今回開発した技術を用いることで、従来の発泡成形機をそのまま使用し、射出成形時に金型内でリブのみ部分発泡させることが可能。部分発泡の技術は、マクセルがコアコンピタンスとするアナログコア技術「混合分散」「精密塗布」「高精度成形」のうち、「高精度成形」技術である金型・成形技術を進化させることにより実現した。

今後、同技術をブラッシュアップすることで、軽さ、外観、強度を実現した新しい構造設計およびそれに基づいた樹脂部品の創出に貢献していくとしている。現在、マクセルのグループ会社であるMDCNおよび協力メーカーにて、EVが多く生産される中国向けを中心に、同発泡成形技術を実用化する準備を進めている。

チャイナプラス2024では、マクセルの発泡成形技術「RIC-FOAM」および軽量化と高強度化を実現する応用技術、またそれらを用いた複数のサンプルの展示を行うとしている。

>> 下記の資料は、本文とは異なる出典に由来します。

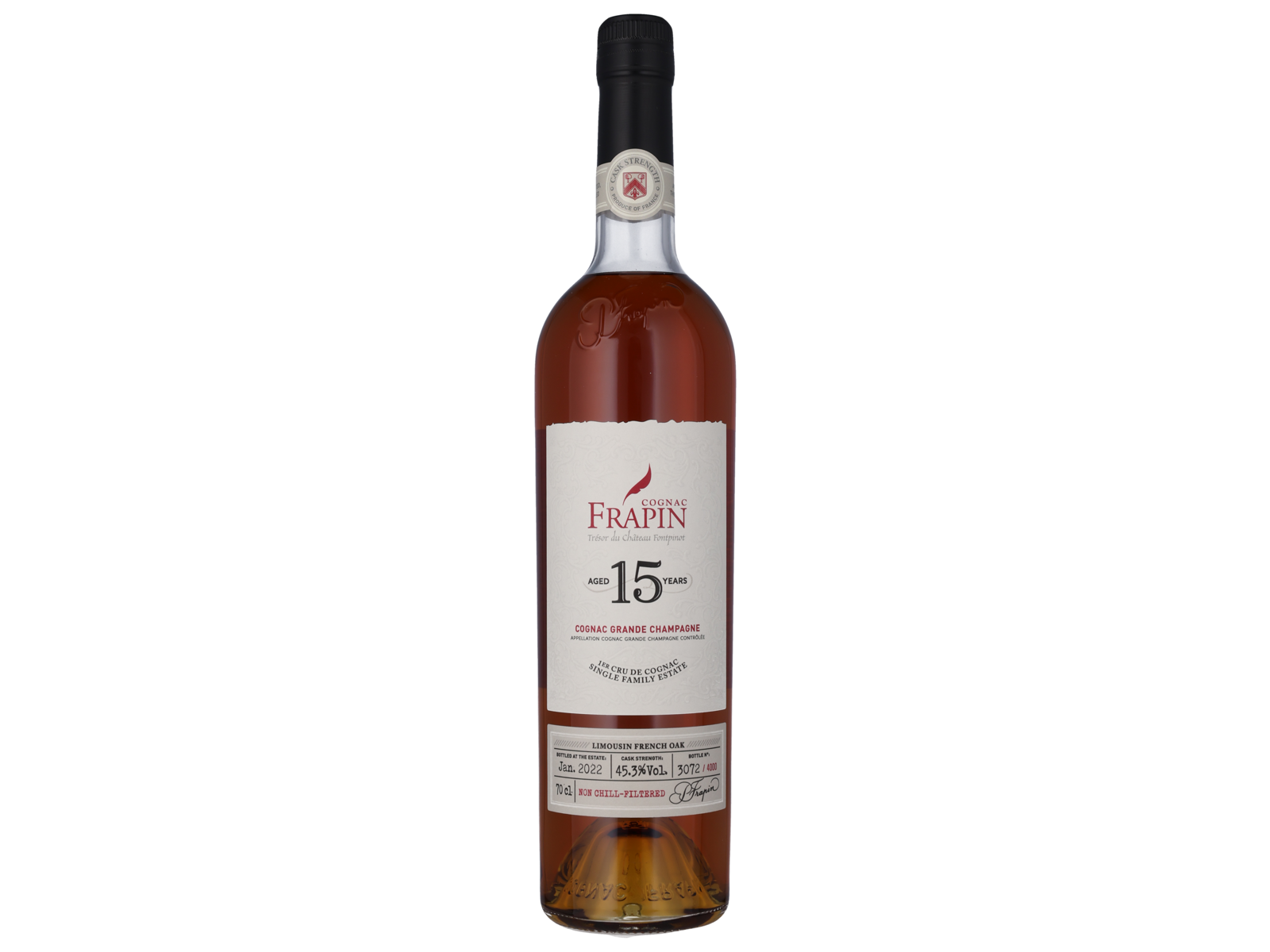 Sammensat af årgangscognac som er min. 15 år gamle og som udelukkende er lavet på Ugni Blanc druer, som dyrkes på Domaine Frapins vinmarker.Under hele produktionen – både under destilleringen og modningen – bliver disse cognac´er holdt adskilt fra de andre cuvéer, udvalgt for deres lethed og renhed. De Cuveer, som er beregnet til at indgå i 15 Years Old Cognac, bliver først modnet 6 måneder på nye træfade fra Limousin, for at fremhæve og bevare de unge cognac´ers umiddelbare frugttoner. Derefter følger en modning i 10 år på 5-20 års træfade, 8 år i såkaldte “chaix secs” – tørre loftsrum, hvor både en del af alkoholen men især vandet fordamper (som på Château Fontpinot i øvrigt). Disse tørre loftsrum giver mere intense og samtidig mere delikate og aromatiske toner i cognac. I de resterende to år bliver Cognac modnet i mere fugtige kældre, hvor kun alkoholen fordamper (3% årligt – “la part des anges” – englenes andel) og derved får mere rundhed og charme. Til sidst får 15 Years Old Cognac min. 5 år på ældre træfade. Hele processen foregår “Sur Lie” (med eget bundfald). Ifølge gældende lovgivning i Cognac har denne Cognac lagret under lås og slå (og under myndighedernes kontrol), siden den blev destilleret.15 Years Old Cognac bør serveres ved rumtemperatur men ikke for varmt. Dens finesse og frugt kommer bedst frem ved normal temperatur. Det anbefales at give cognacen 2-3 minutters iltning i glasset. Man vil derefter kunne nyde en utroligt kompleks og intens Grande Champagne 1. Cru du Cognac med eksotiske nuancer og en uforlignelig finesse. Nogle beundrer den for finessen, andre for dens strukturerede og næsten ”maskuline” stil. En kompleks sag!

発泡させていない樹脂成形、通常発泡成形、部分発泡成形イメージ(射出成形品 リブ構造断面イメージ図)

部分発泡の効果

金型内におけるガス流通の制御と製品設計、金型設計のシミュレーションにより、狙った箇所のみを部分発泡させる。成形品のヒケやソリが改善され、外観は発泡させていない樹脂同等になる。例えば、基材厚みを1mmと薄くした場合、基材厚み3mmの平板に対して、質量は40%削減されるが、5kgの荷重では変形量が低減し、シミュレーション同等の効果が得られることを確認した。